Le dossier de Martin Tremblay continue de soulever de vives discussions devant les tribunaux du Québec. Jeudi, un débat a eu lieu pour répondre à une question pourtant simple: qui est le véritable propriétaire d'une entreprise dont Martin Tremblay était le prête-nom?

Le dossier de Martin Tremblay continue de soulever de vives discussions devant les tribunaux du Québec. Jeudi, un débat a eu lieu pour répondre à une question pourtant simple: qui est le véritable propriétaire d'une entreprise dont Martin Tremblay était le prête-nom?

L'entreprise en question s'appelle Kenneth W. Salomon Investment Fund, des Bahamas. Cette firme est représentée par le cabinet d'avocats Séguin Racine, de Laval. Elle a vu ses fonds gelés par l'Autorité des marchés financiers (AMF) en février, dans la foulée de l'arrestation de Martin Tremblay, coupable de blanchiment d'argent.

Depuis le printemps, la firme Séguin Racine tente de faire débloquer les fonds de Kenneth, qui dorment à la firme de courtage Jones Gable, à Montréal.
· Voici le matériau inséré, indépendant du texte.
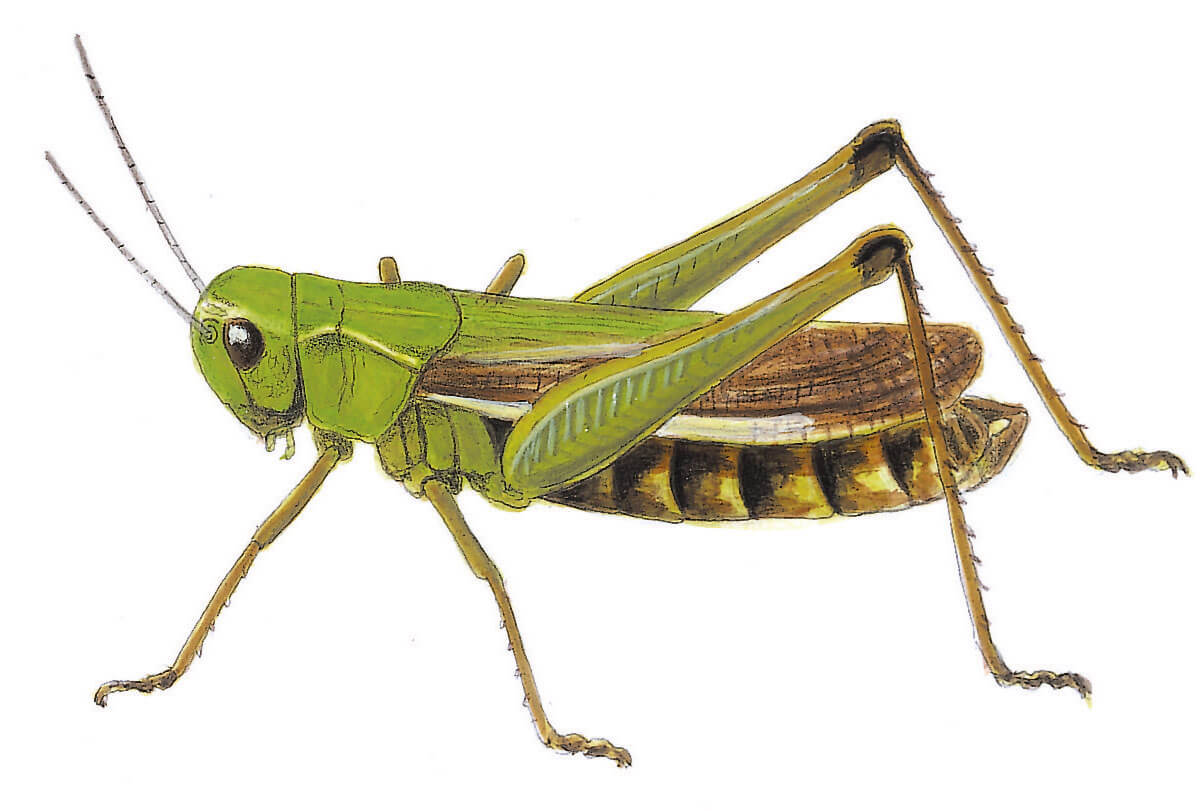 Oreilles grandes ouvertes et yeux écarquillés, les enfants recherchent les solistes dissimulés parmi les graminées. En voilà un ! Campé sur son herbe, le petit musicien camouflé frotte rapidement ses fémurs sur la nervure saillante de ses ailes, un peu comme le ferait un archet sur les cordes d’un violon. Alerté par les mouvements des deux enfants, le voici qui plonge dans la végétation.

Globalement, les fonds ont une valeur de 1,1 million de dollars, dispersés dans divers titres boursiers à faible capitalisation.
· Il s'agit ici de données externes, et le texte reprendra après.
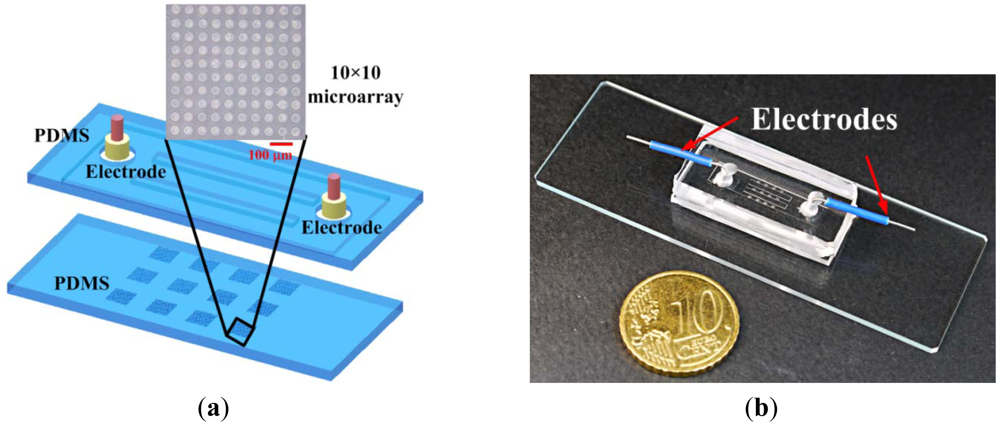 A biocompatible material, poly(dimethylsiloxane) (PDMS), was adopted for single-cell-based arrays in the microfluidic chip, as illustrated in Figure 1(a). The main channel, formed on the top PDMS layer, is 4.4 mm wide, 100 μm in height and 21 mm long. This main channel is divided into three microchannels, each 800 μm wide and 8 mm long, at the center region. Each microchannel contains four 10 × 10 microwells with 30 μm in diameter and 20 μm deep, on the bottom PDMS layer. The mold masters were fabricated by spinning SU-8 (SU-8 50, MicroChem Corp., Newton, MA, USA) on a silicon wafer to define the microwells and microchannel, respectively. The mold master of the microfluidic channels (around 100 μm in height) was fabricated by spinning SU-8 at 500 rpm for 20 s and then at 1,000 rpm for 35 s on the silicon wafer. The resist was soft baked on a hotplate at 65 °C for 10 min and then at 95 °C for 30 min. The resist was then allowed to cool to room temperature. The SU-8 was exposed to ultraviolet (UV) radiation at a dose of 200 mJ/cm2. The post-exposure baking was done at 65 °C for 3 min and then at 95 °C for 10 min. The exposed samples were developed with SU-8 developer for 5 min. The mold master of the microwells (around 20 μm in height) was fabricated by spinning SU-8 at 500 rpm for 20 s and then at 4,500 rpm for 35 s on a silicon wafer. The resist was developed with SU-8 developer for about 2 min after baking and exposure to UV radiation under the conditions mentioned above. PDMS prepolymer mixture (Sylgard-184 Silicone Elastomer Kit, Dow Corning, Midland, MI, USA) was poured and cured on the mold masters to replicate the patterned structures. After peeling off the PDMS replica with the microchannel, the inlet and outlet ports were made by a puncher. The two PDMS replicas were bonded after treatment with oxygen plasma in an O2 plasma cleaner (model PDC-32G, Harrick Plasma Corp., Ithaca, NY, USA). Electrodes were inserted into the inlet and outlet for applying the voltages. The distance between two electrodes is 15 mm. A photograph of the completed microfluidic chip is shown in Figure 1(b).

Kenneth Fund n'est pas inconnu de l'AMF. Le nom de l'entreprise a circulé dans la vaste enquête qu'a menée l'AMF sur le conseiller en placements Louis-Philippe Séguin et sa firme Corporation stratégique SPJ. Au terme de l'enquête, l'été dernier, l'AMF a déposé 28 chefs d'accusation contre Louis-Philippe Séguin et SPJ pour délits d'initiés et levée de fonds sans prospectus. L'AMF réclame une peine de 186000$.

Jusqu'en janvier dernier, Louis-Philippe Séguin était d'ailleurs le conseiller en placements de Kenneth Fund pour le compte de la firme de courtage Jones Gable. L'Association des courtiers (ACCOVAM) tente de questionner M. Séguin sur Kenneth, mais ce dernier refuse de collaborer.
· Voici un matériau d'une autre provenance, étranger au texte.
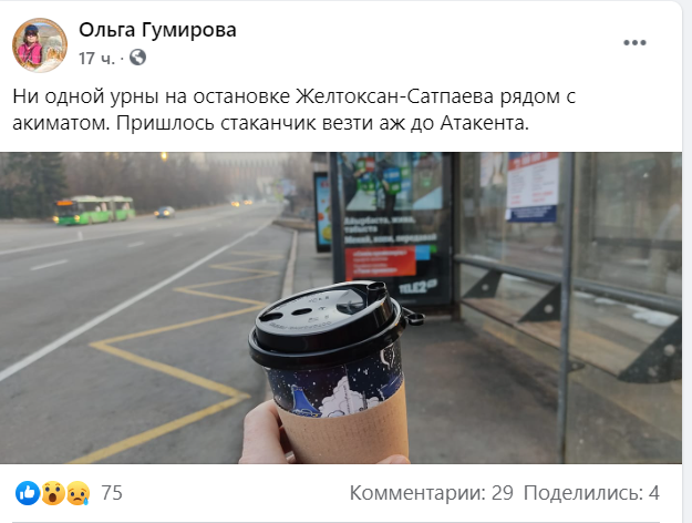 "Ни одной урны на остановке Желтоксан — Сатпаева рядом с акиматом. Пришлось стаканчик везти аж до Атакента", — пожаловалась участница группы и активистка Ольга Гумирова.

Hier, Bruno Racine, de Séguin Racine, a livré son plaidoyer devant le Bureau de décision et de révision des valeurs mobilières (BDRVM). Il soutient que l'AMF n'a rien à reprocher à Kenneth et demande le déblocage des fonds.

Mais l'AMF s'y oppose. L'organisme fait valoir que le bénéficiaire ultime de Kenneth est Martin Tremblay, selon ce qu'indique le formulaire d'ouverture de compte de la firme Jones Gable. Seul lui peut demander le déblocage.

En réplique, Me Racine affirme que Martin Tremblay n'a jamais été le véritable propriétaire. L'ultime bénéficiaire a récemment transféré les pouvoirs sur cette entreprise à un certain Anthony Horwoth, des Bahamas, selon Me Racine. Le document en preuve a été télécopié aux parties mardi après-midi, alors que l'audience devant le BDRVM a eu lieu hier matin, mercredi.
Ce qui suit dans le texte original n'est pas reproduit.